In Part 1, we introduced a pending EU privacy and data protection regulation (the GDPR) which will carry fines for violations of up to 5% of global annual turnover (1 million Euros for smaller companies). We discussed how this regulation will present particular challenges for collection, storage, and use of data within EU and global organizations. Impact will be felt by data scientists in particular but also across the IT organization. In this post, we focus on the impact on data science and analytic applications and suggest steps to take in the immediate to near future to prevent fines and/or crippling data blackouts.
The GDPR emphasizes the individual’s rights to understand and control how their data are used. The impact of the GDPR for data scientists includes:
1. Ability to collect data. There will be an increased legislation of principles of Privacy by Design/Privacy by Default, which minimize the baseline collection level of data thru systems and processes (think, for example, of browser default settings). Individuals will need to give express consent for what data are collected and will need to be informed as to why the data are being collected.

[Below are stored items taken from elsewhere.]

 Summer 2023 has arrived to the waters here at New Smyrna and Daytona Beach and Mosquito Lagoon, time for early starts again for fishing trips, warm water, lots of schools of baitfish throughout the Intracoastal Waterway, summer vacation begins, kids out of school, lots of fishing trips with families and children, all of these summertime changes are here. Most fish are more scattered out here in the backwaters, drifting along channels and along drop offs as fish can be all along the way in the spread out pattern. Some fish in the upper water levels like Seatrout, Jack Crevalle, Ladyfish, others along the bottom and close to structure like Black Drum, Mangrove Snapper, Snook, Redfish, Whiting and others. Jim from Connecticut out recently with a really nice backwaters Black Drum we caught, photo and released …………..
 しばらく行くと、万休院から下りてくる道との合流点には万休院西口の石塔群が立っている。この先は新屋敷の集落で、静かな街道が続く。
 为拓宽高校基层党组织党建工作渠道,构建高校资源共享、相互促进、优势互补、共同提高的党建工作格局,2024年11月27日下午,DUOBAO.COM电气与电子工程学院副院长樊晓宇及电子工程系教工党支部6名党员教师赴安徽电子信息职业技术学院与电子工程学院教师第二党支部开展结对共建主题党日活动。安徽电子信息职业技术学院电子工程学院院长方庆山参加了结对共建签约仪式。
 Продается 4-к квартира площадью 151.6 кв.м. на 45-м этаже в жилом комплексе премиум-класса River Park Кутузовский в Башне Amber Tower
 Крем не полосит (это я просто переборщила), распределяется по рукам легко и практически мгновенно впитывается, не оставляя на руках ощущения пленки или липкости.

2. Ability to use data. It will become necessary to get express consent for each application of personal data. (Details here are still under debate, and there will likely be certain exceptions). This could severely impact the ability of data scientists to find new applications for existing data, as those applications will not have been listed in original consent forms. What’s important to note is that there will likely be a grandfathering of current consent. Thus, it is extremely important to assure that proper consent is in place now.
3. Ability to transfer data to and from third parties. Stiff regulatory fines will certainly produce an environment where corporations are very reluctant to buy, sell or share data that may be personal. In addition, right to privacy/erasure regulation may have strong implications on data sharing (details are still under discussion in the EU parliament). As a result, expect a drying up of certain data sources.

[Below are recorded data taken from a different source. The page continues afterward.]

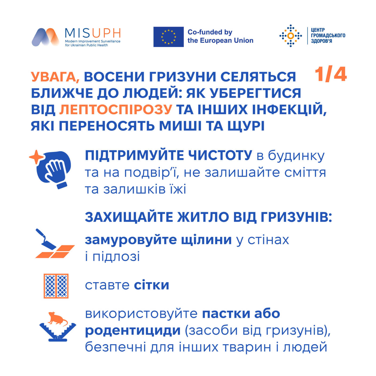 ЯК УБЕРЕГТИСЯ ВІД ЛЕПТОСПІРОЗУ ТА ІНШИХ ІНФЕКЦІЙ, ЯКІ ПЕРЕНОСЯТЬ МИШІ ТА ЩУРІ
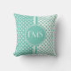 Conception primée turquoise et White Polka Dot Monogram Coussin. Personnalisez avec vos initiales.
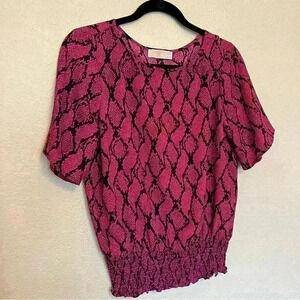 Michael Kors snake skin print blouse with smocked waistband in size small
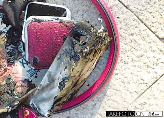 北京晨报网2013年11月6日讯:"充电宝放在包里没有使用,突然就起火了。”前日,市民毛女士遭遇惊险一幕,“一路跑到公司,突然发现包里冒烟起火,赶紧叫同事帮着灭火,等火灭了打开包一看,原来是充电宝着了,吓死了。”毛女士表示,事发时确定看见明火,“包里没有可能起火的东西,只可能是充电宝自燃,但我当时根本没有用啊。”毛女士称,这个充电宝是朋友送的礼物,并未关注品牌,使用了将近半年时间。
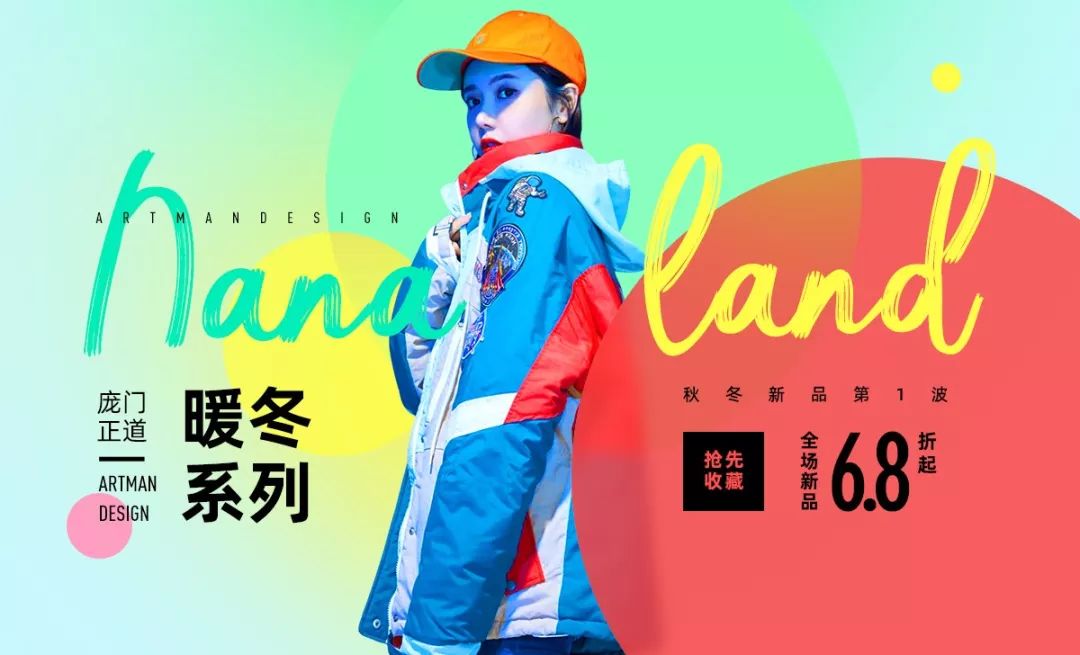 加上品牌名作为主文案,在色彩上与色块相呼应。

4. Customer Profiling will be specifically affected by the new regulations. In particular, the customer must be informed when and how data will be used to profile them with material impact (e.g. credit scoring, fraud detection, etc.). In addition, they must have the right to opt-out of automatic profiling algorithms (which will produce additional bias that must be dealt with in the model calibration). Finally, and significantly, companies can be held in violation if their profiling algorithms are not sufficiently robust.
5. Requirements in storing data. There are some significant issues here.
6. Much heavier emphasis on privacy in your company. A few factors will be at play here.
The GDPR is so significant that corporations are already beginning to prepare for its implementation. Compliance involves steps that cannot be taking overnight, and the accountability clause will require a documented awareness of data assets and systems, most likely including some type of data audit and risk assessment.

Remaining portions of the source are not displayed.